══ Material for the task

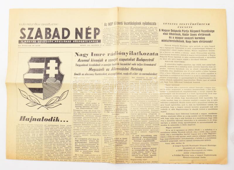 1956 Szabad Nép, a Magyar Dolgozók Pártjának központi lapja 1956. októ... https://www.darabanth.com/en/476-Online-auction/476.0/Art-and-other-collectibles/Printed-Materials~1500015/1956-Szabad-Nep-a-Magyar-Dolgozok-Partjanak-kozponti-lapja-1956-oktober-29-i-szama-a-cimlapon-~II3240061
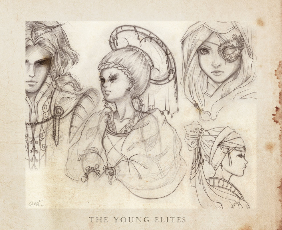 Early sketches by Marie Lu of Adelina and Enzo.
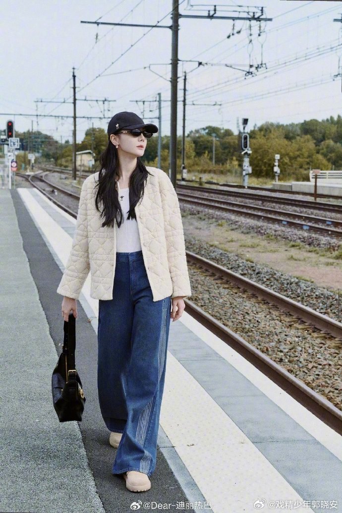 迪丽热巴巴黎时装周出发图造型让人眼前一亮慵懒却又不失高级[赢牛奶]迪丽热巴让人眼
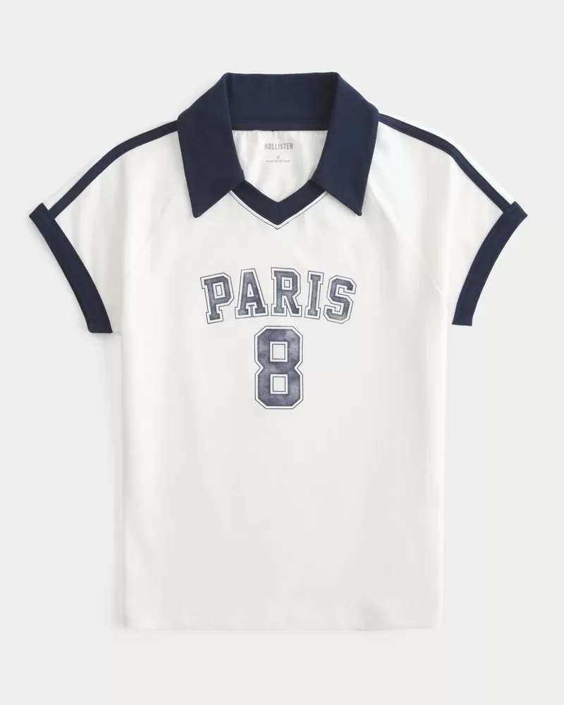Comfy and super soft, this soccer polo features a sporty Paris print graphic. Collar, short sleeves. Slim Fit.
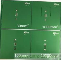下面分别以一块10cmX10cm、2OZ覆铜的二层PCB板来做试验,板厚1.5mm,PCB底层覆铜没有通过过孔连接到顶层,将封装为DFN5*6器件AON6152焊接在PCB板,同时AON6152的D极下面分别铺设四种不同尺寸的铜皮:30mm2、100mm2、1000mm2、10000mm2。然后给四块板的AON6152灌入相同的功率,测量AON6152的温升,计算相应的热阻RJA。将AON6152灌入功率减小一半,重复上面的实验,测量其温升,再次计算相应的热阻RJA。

════
══ Material for the task

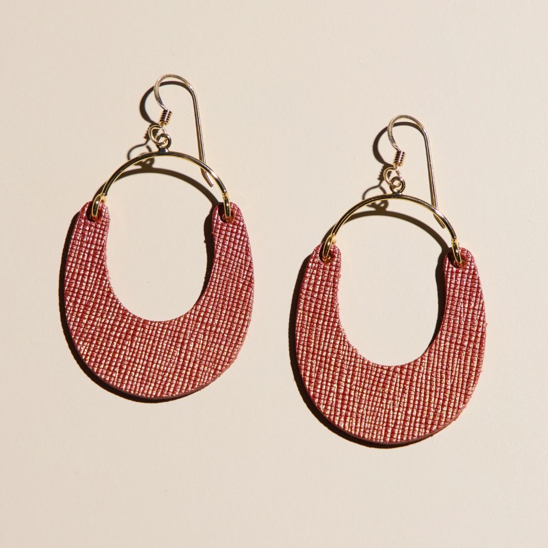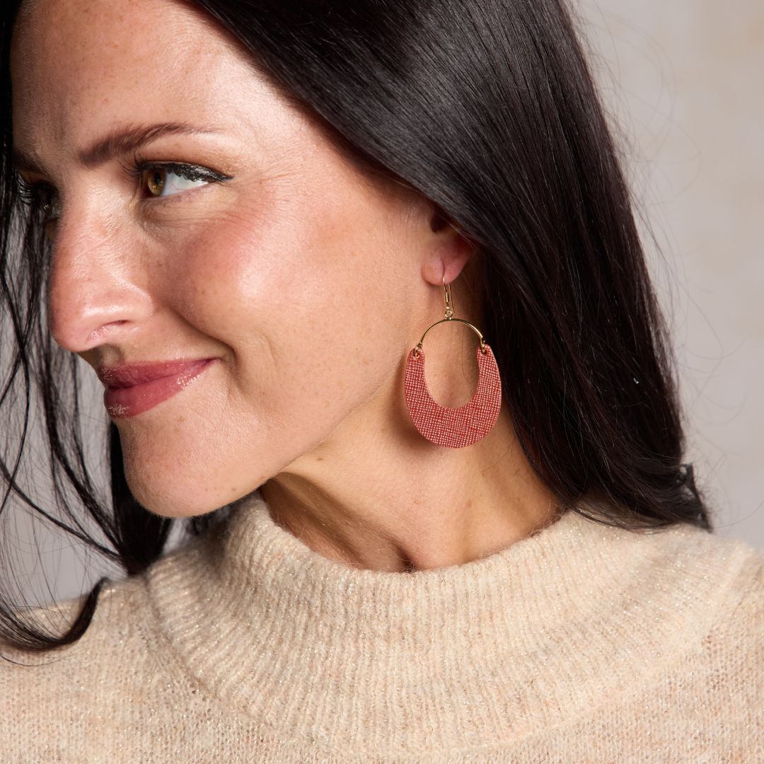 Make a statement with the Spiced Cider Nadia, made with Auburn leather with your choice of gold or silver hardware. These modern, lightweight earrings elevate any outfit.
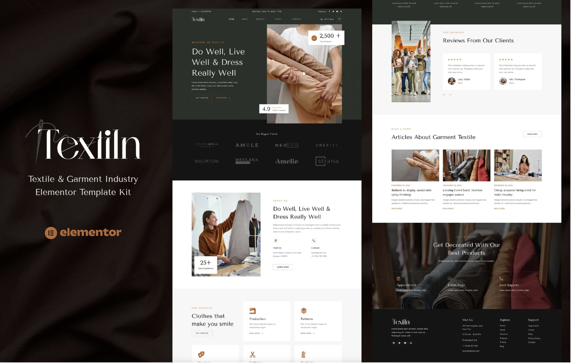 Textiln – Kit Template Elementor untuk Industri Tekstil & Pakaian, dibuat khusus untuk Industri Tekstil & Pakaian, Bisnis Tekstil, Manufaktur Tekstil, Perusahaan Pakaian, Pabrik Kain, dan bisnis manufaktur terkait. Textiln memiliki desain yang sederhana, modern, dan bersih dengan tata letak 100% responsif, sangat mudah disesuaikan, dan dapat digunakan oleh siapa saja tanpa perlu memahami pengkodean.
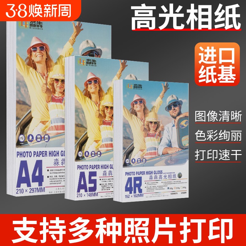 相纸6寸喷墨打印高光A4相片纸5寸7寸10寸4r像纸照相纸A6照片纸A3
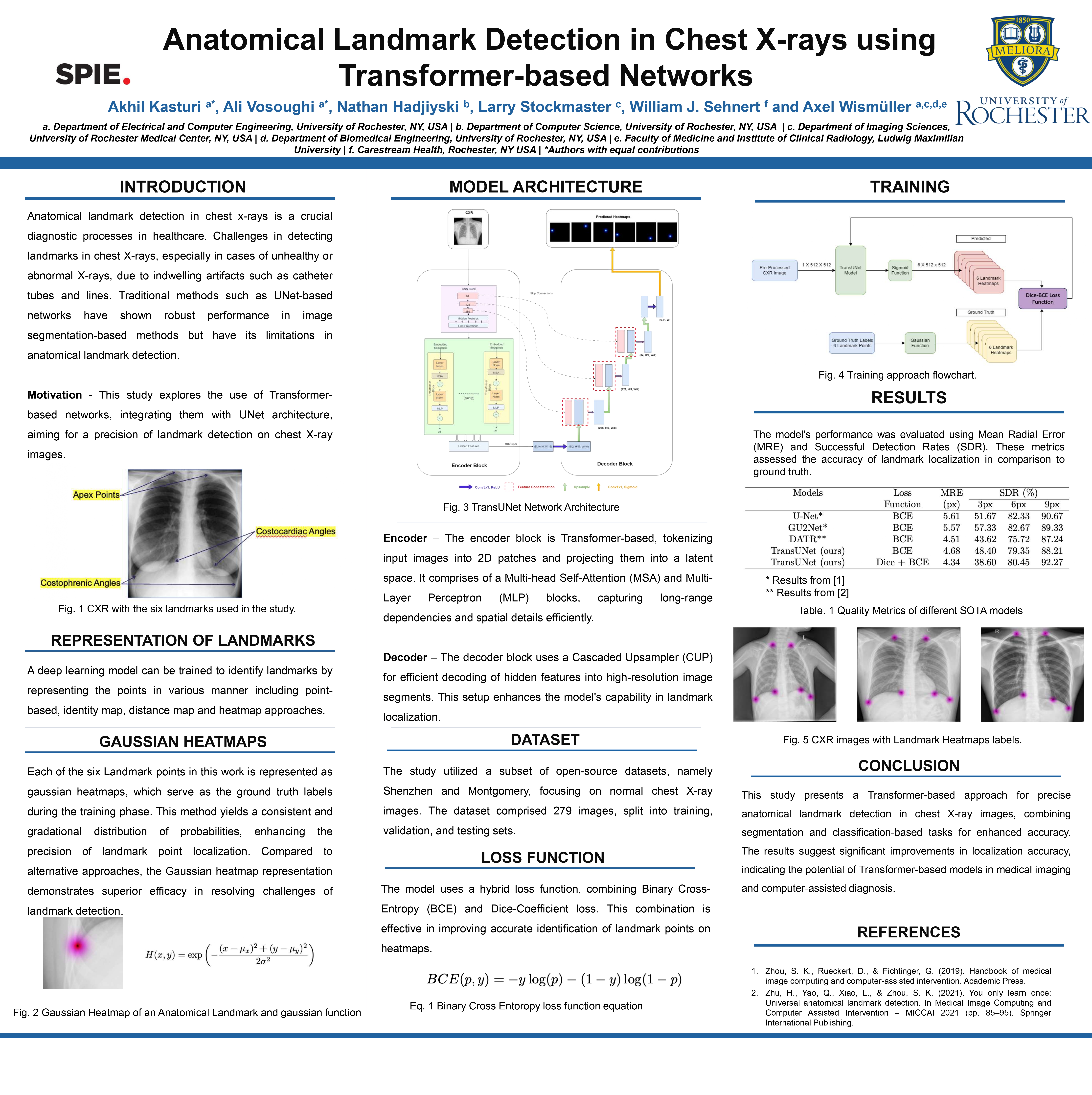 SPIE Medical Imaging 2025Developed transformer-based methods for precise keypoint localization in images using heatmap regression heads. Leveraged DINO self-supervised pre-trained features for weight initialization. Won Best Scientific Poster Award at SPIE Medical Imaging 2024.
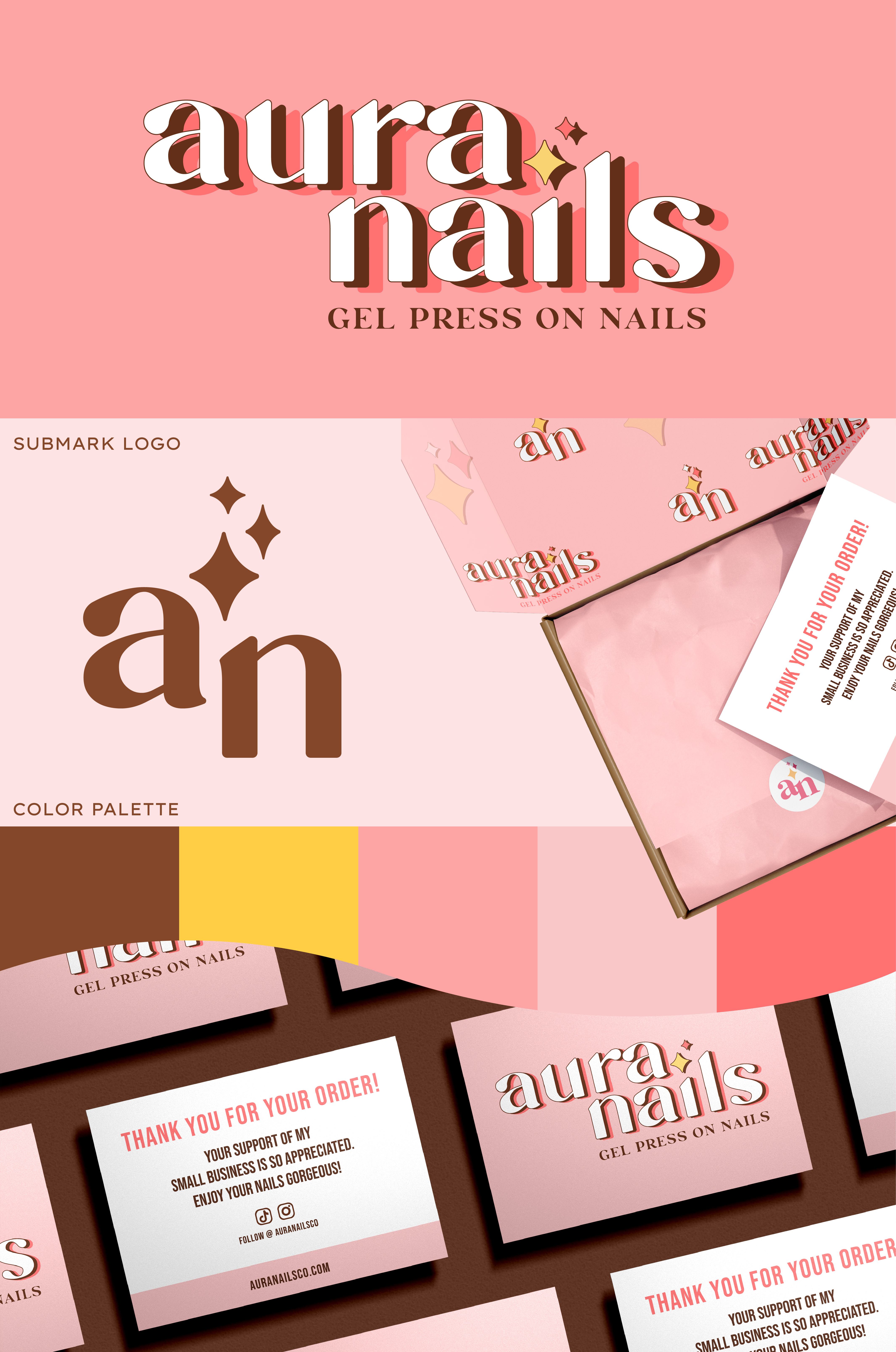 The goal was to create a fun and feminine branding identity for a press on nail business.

════

### Task statement
Between and including the line with "SPIE Medical Imaging 2025Developed" and the line with "The goal was", repeat every line exactly as it appears above, with pictures left out.

### Task result
 SPIE Medical Imaging 2025Developed transformer-based methods for precise keypoint localization in images using heatmap regression heads. Leveraged DINO self-supervised pre-trained features for weight initialization. Won Best Scientific Poster Award at SPIE Medical Imaging 2024.
 The goal was to create a fun and feminine branding identity for a press on nail business.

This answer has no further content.